The error message is informative here:

julia> mul!(a22, 10*randn(5,5), a22)
ERROR: ArgumentError: output matrix must not be aliased with input matrix

mul! can’t write into the same array it’s reading, as this would over-write data it still needs to read. This is true for any rectangular arrays, whether or not they are views.

And these only work in cases where it is possible to work out the output and over-write the input sequentially, such as various structured matrices. They don’t mind views though:

julia> lmul!(Diagonal([0,100]), view(rand(4,4), 1:2, 3:4))
2×2 view(::Array{Float64,2}, 1:2, 3:4) with eltype Float64:
  0.0      0.0
 71.1938  90.2883

julia> lmul!(UpperTriangular(rand(2,2)), view(rand(4,4), 1:2, 3:4))
2×2 view(::Array{Float64,2}, 1:2, 3:4) with eltype Float64:
 0.0627902  0.525721
 0.0012771  0.494267

Thanks @mcabbott, that helped clarify things.

For some reason I was thinking BLAS had an overwriting version of GEMM for dense matrices.
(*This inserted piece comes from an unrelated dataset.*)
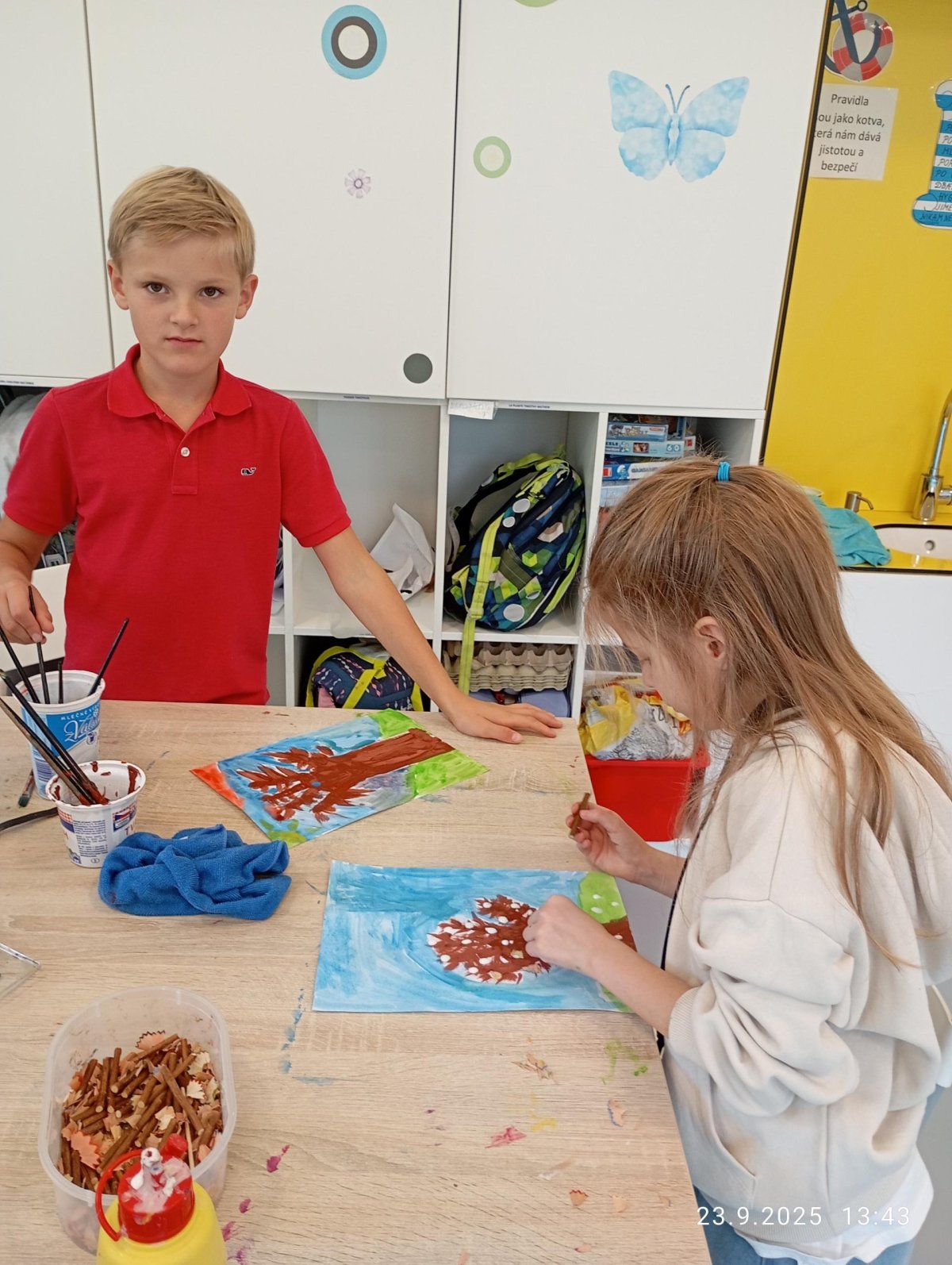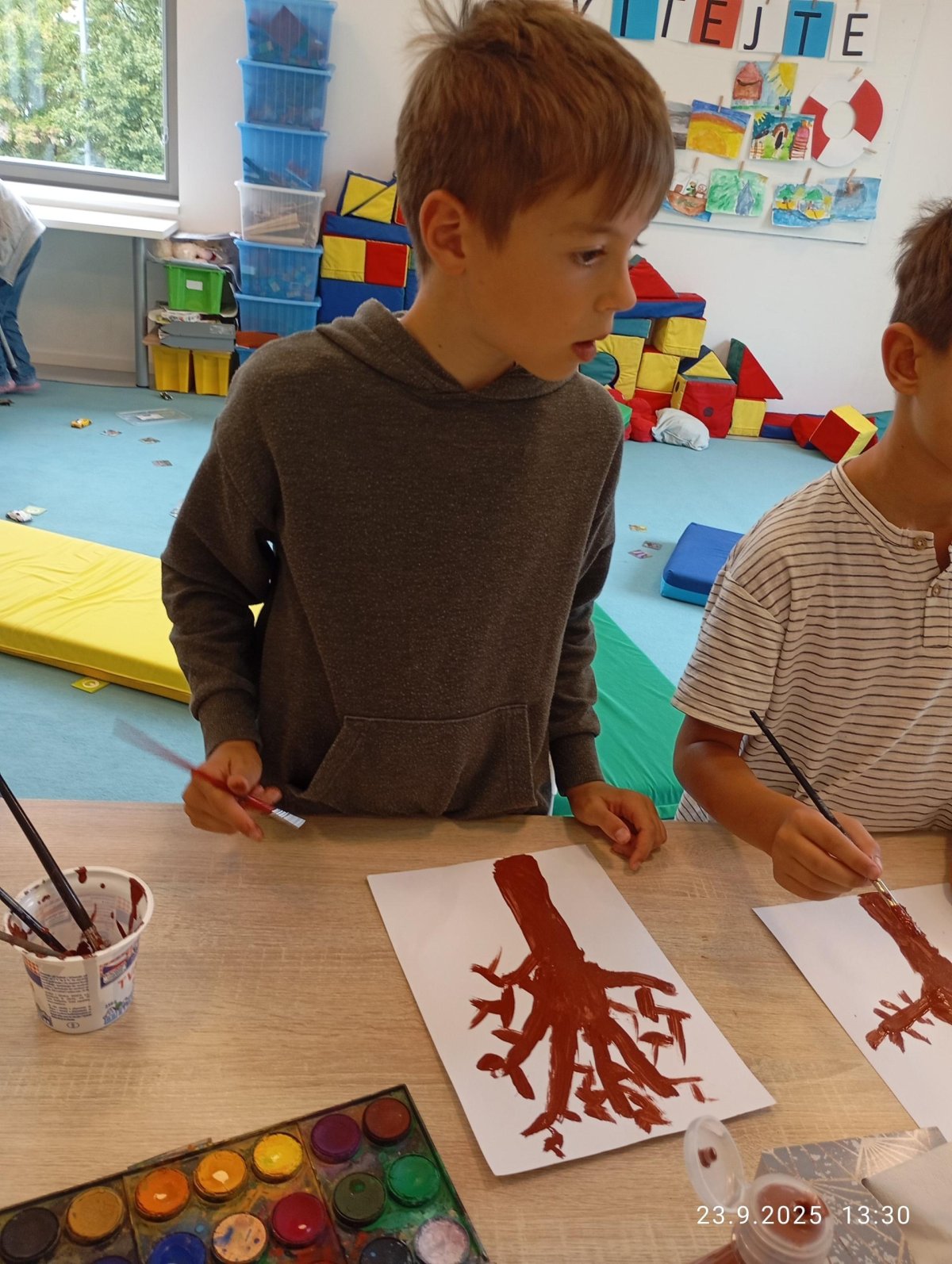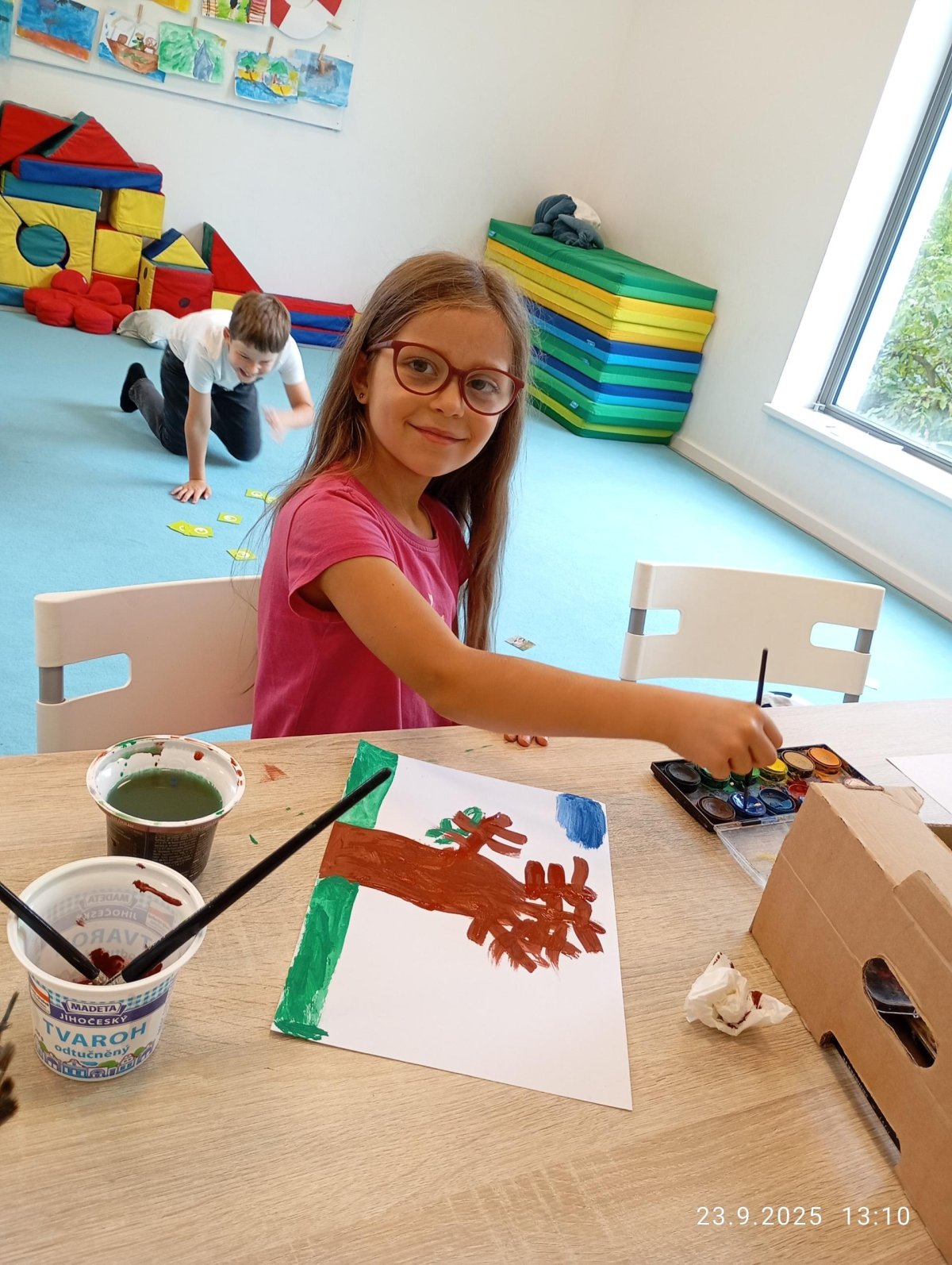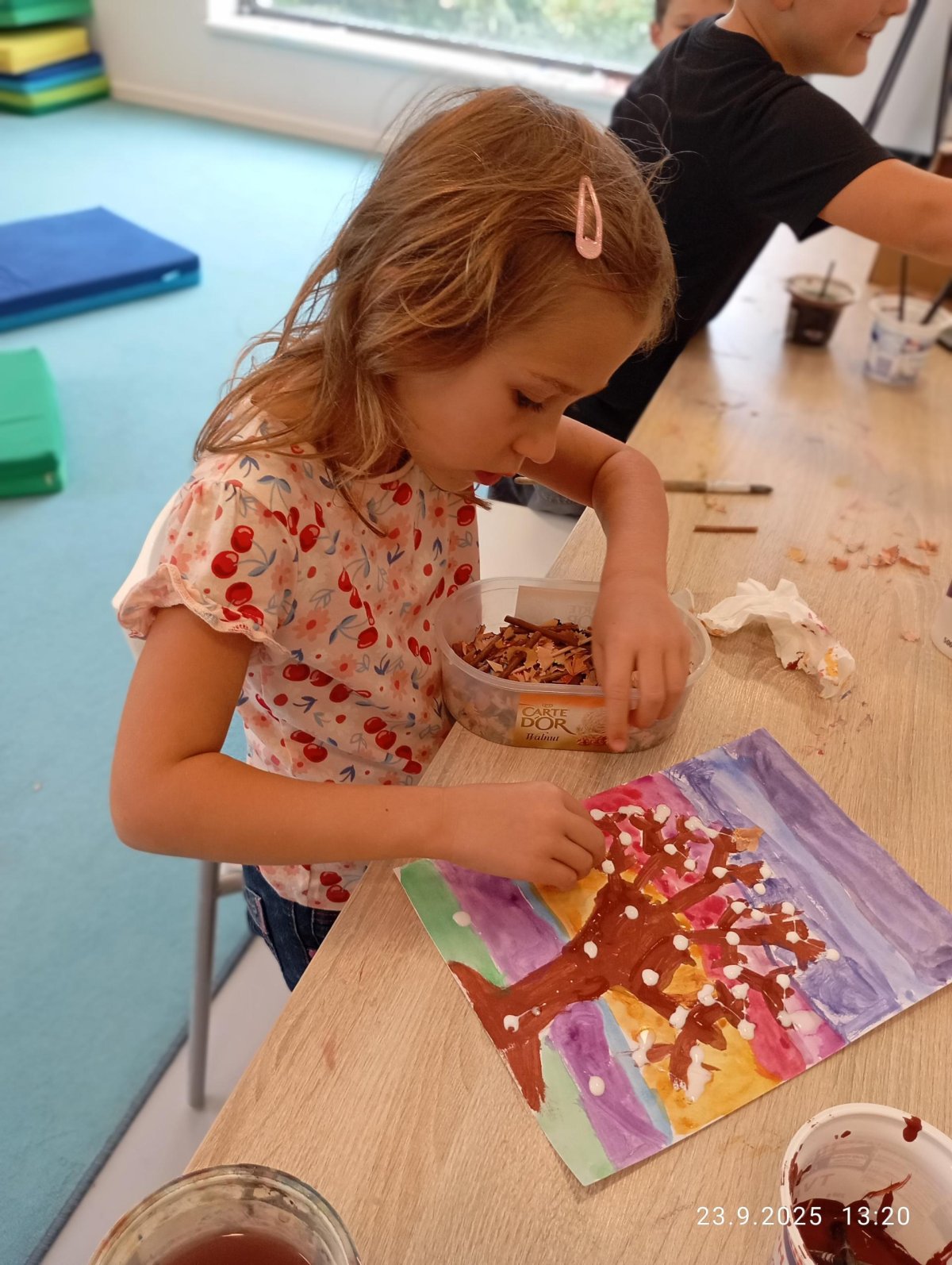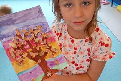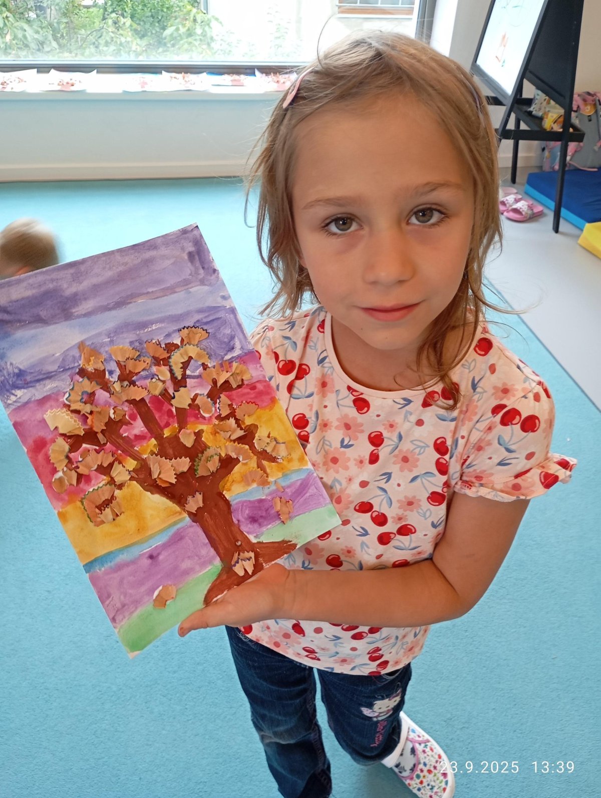 Podzim se nám hlísí hlavně detivým a chladným počasím. Takové dny jsou jako stvořené na vyrábění. Obtiskli jsme si dlaně a domalovali každý svůj strom, pak přišlo na řadu pozadí. místo listů jsme použili hoblinky z ořezaných pastelek. Zaschlé obrázky jsme projeli laminovačkou, aby nám neopadaly a dílo vylo na světě. Na koberci si děti hrají karty, nebo staví z různých stavebnic, děvčátka malují nebo vybarvují omalovánky.
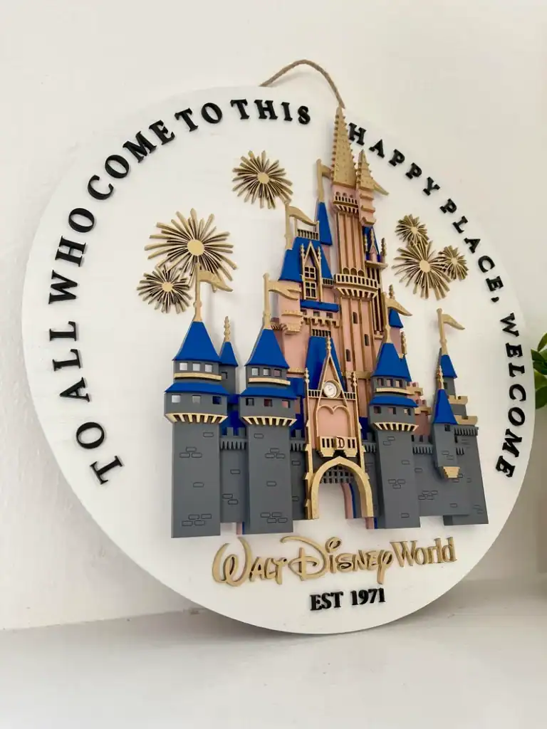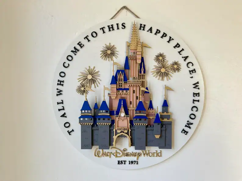 Elevate your Disney decor with this wood Disney World “To all who come to this happy place, welcome” sign! It’s an incredible piece of art with layers that give it a depth that is really remarkable. Make this stunning piece a part of your home and hang it in the room that inspires you the most!

At least in a naive matrix multiplication algorithm it’s possible to do this by allocating a temporary array that can hold a single row or column of the output. I’m not sure why I thought standard BLAS implementations had such a routine. As far as I can tell they do not, and upon reflection it seems like this would only be useful in rare circumstances.